The performance of a recommendation algorithm varies in different scenarios, and intuitions about what algorithms are best suited to a given scenario can be elusive even to recommender system experts. Furthermore, choosing a single algorithm that performs well across all the scenarios often reduces the effectiveness of the system in specific scenarios. In the domain of scholarly article recommendation, for example, an online evaluation of 33.5M recommendations delivered across multiple applications was performed and it was found that the best performing algorithm in one application (Document embeddings; Click-through rate (CTR): 0.21%) was the worst performing in another (CTR: 0.02%).
Avleen Malhi, a postdoctoral researcher at Aalto University, explored Siamese neural networks (SNN) as a potential solution to this problem during her research visit to Trinity College Dublin, Ireland. Besides contributing to the research field in general, the objective was to improve the recommendations-as-a-service system for digital libraries Mr. DLib.

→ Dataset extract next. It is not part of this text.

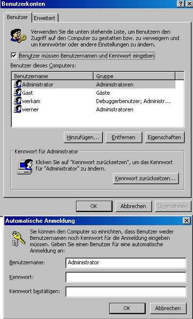 Zum Selbstschutz richtige ich immer einen Standardbenutzer(Annemarie und einen Adminbenutzer ein.
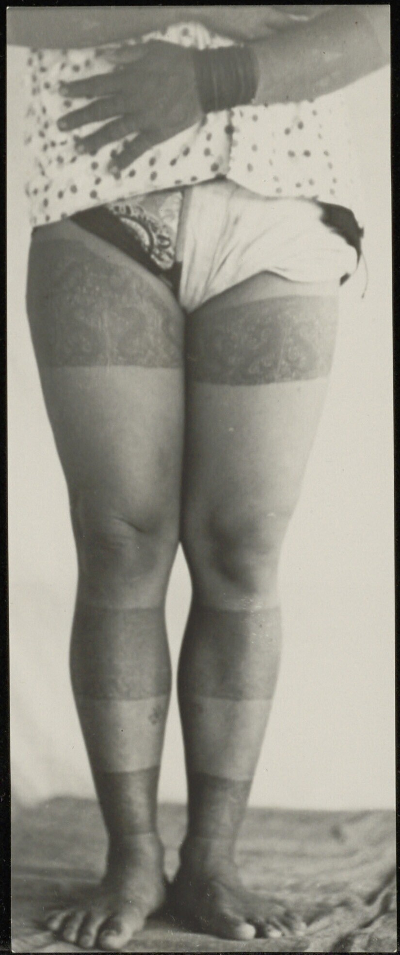 Tatoeages op onder- en bovenbenen en voeten, van voor gezien

A Siamese neural network is an artificial neural network, which is typically used for comparing similar instances in different type sets. Siamese neural network selection aims to identify the group of similar algorithms to use for all the instances in a given situation. It does this by calculating the relative absolute error for all algorithms on a particular instance and then ranking the algorithms based on their performance. Finally, relative performance is calculated compared with the best algorithm, which enables the similar performing algorithms to be identified. The key idea is that if an algorithm is the best for a particular instance, the same algorithm can be used for recommendation with similar instances later. Siamese neural networks were applied to algorithm selection on the MovieLens dataset and on scholarly article recommendation. The aim was to use this approach to select the best algorithm for each data instance, and for each recommendation request received.
Avleen’s main collaborator during her 4-week research visit was Joeran Beel, Assistant Professor in Intelligent Systems at the School of Computer Science of Trinity College. Professor Beel is also affiliated with the ADAPT research centre, which is a dynamic research centre in Dublin with experts producing ground-breaking digital content innovations. The visit paved the way for further collaboration and networking within the field of intelligent systems. The next major step will be the submission of a research article in ACM conference RecSys 2020, which is to be held in September next year.